What you are asked to do: The answer must be an exact copy of the records below, with every picture left out.

[Extracted records]

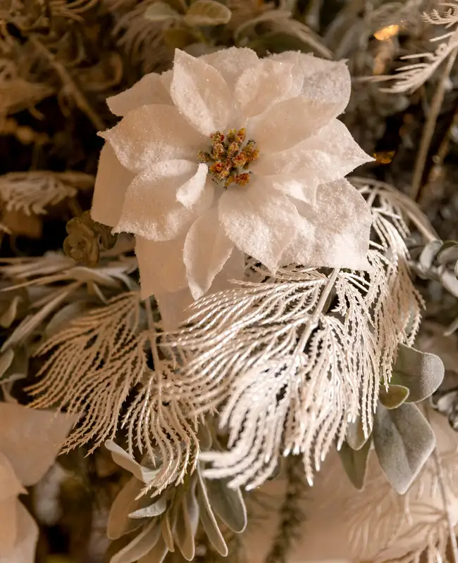 Stelle di Natale artificiali dall'elegante tonalità bianca. Perfette per arricchire decorazioni e centrotavola con un tocco raffinato e luminoso.
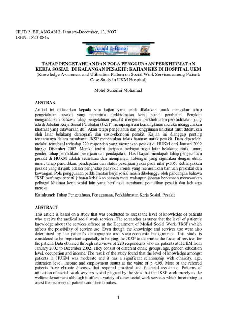Tahap Pengetahuan Dan Pola Penggunaan Perkhidmatankerja Sosial Di Kalangan Pesakit Kajian Kes Di Hospital Ukm
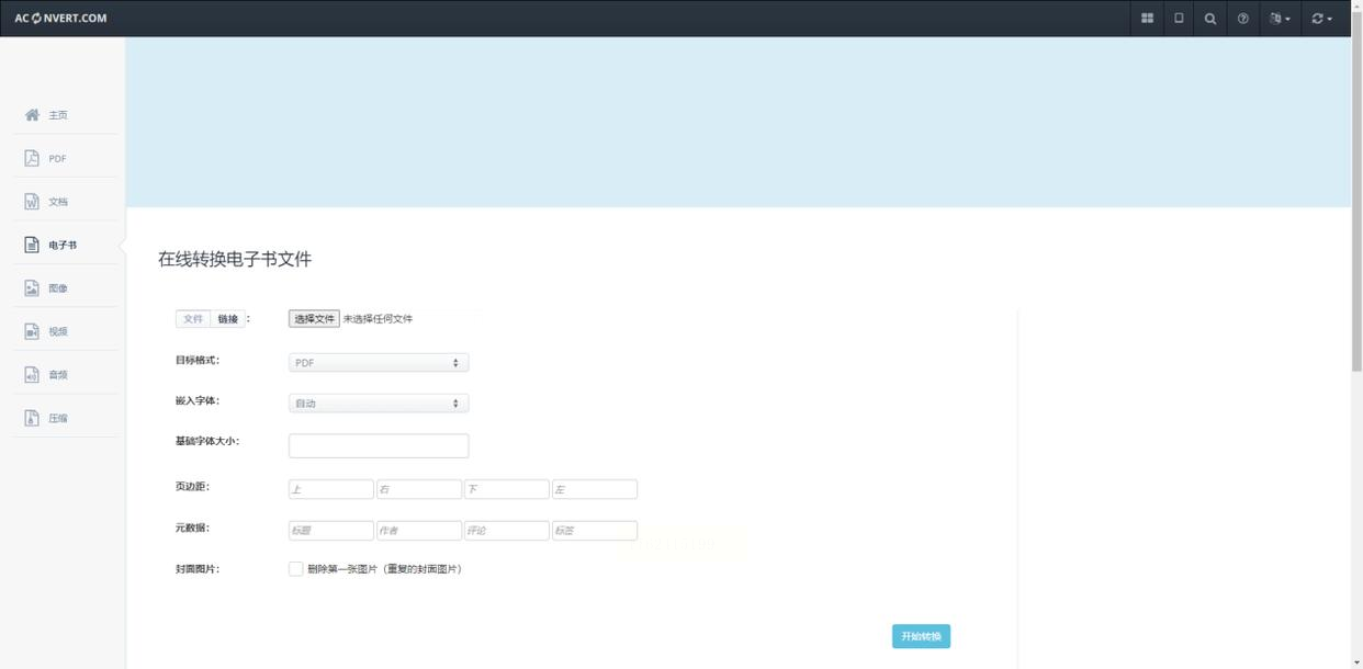 1. 进入ACONVERT官网,在「文档转换」分类中找到「电子书转换」功能。
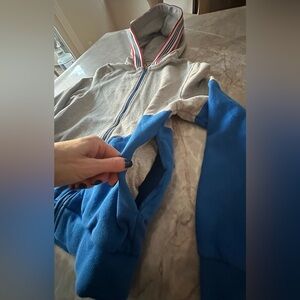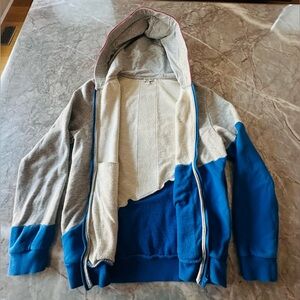 Blue & Gray zip up hoodie sweatshirt with blue, white & red trim detailing
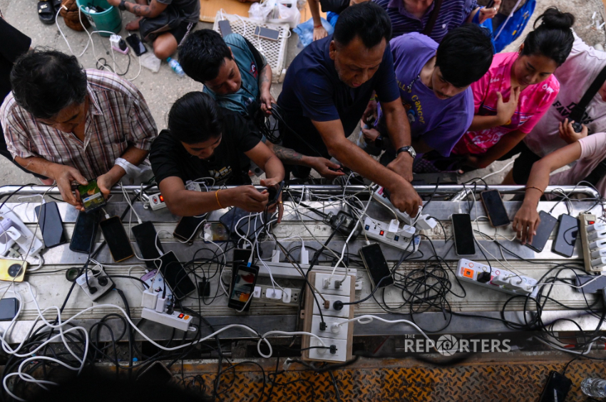 ตามทางเดินยังพบชาวบ้านจำนวนมากต่อคิวชาร์จโทรศัพท์มือถือจากเครื่องปั่นไฟที่ภาคเอกชนจุดบริการให้ แม้เป็นเพียงพลังงานชั่วคราว แต่ช่วยให้ผู้ประสบภัยติดต่อญาติ–ประสานความช่วยเหลือได้สะดวกขึ้น
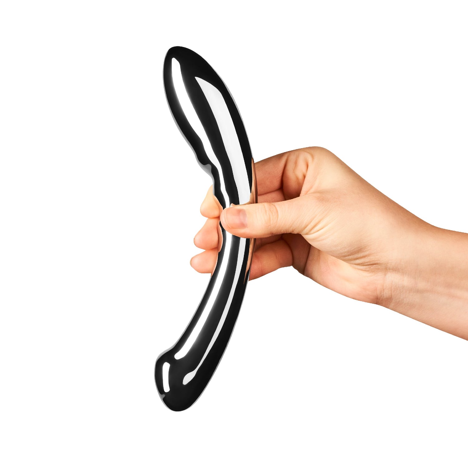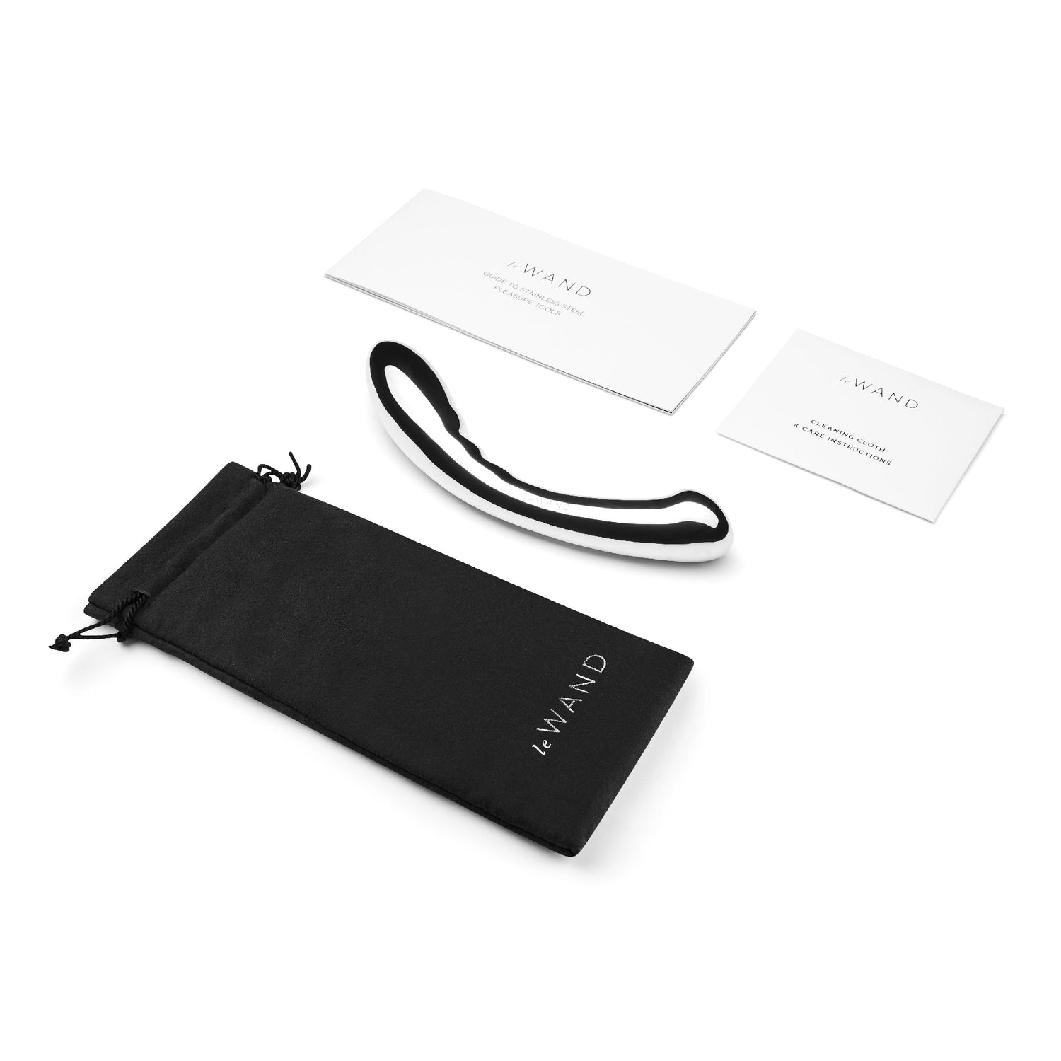 The Le Wand Arch is a double-ended stainless steel wand with a crescent shape that rests inside your body for G-spot or P-spot exploration. One end features a thicker 1.4-inch rippled head, while the other offers a slimmer 1.35-inch flattened end for anal play. The smooth, body-safe steel is shower-safe and easy to clean, and its substantial weight gives you control and presence. Pair it with heating or cooling lubricant for temperature play, solo or with a partner.

[/Extracted records]

Result:
 Stelle di Natale artificiali dall'elegante tonalità bianca. Perfette per arricchire decorazioni e centrotavola con un tocco raffinato e luminoso.
Tahap Pengetahuan Dan Pola Penggunaan Perkhidmatankerja Sosial Di Kalangan Pesakit Kajian Kes Di Hospital Ukm
 1. 进入ACONVERT官网,在「文档转换」分类中找到「电子书转换」功能。
 Blue & Gray zip up hoodie sweatshirt with blue, white & red trim detailing
 ตามทางเดินยังพบชาวบ้านจำนวนมากต่อคิวชาร์จโทรศัพท์มือถือจากเครื่องปั่นไฟที่ภาคเอกชนจุดบริการให้ แม้เป็นเพียงพลังงานชั่วคราว แต่ช่วยให้ผู้ประสบภัยติดต่อญาติ–ประสานความช่วยเหลือได้สะดวกขึ้น
 The Le Wand Arch is a double-ended stainless steel wand with a crescent shape that rests inside your body for G-spot or P-spot exploration. One end features a thicker 1.4-inch rippled head, while the other offers a slimmer 1.35-inch flattened end for anal play. The smooth, body-safe steel is shower-safe and easy to clean, and its substantial weight gives you control and presence. Pair it with heating or cooling lubricant for temperature play, solo or with a partner.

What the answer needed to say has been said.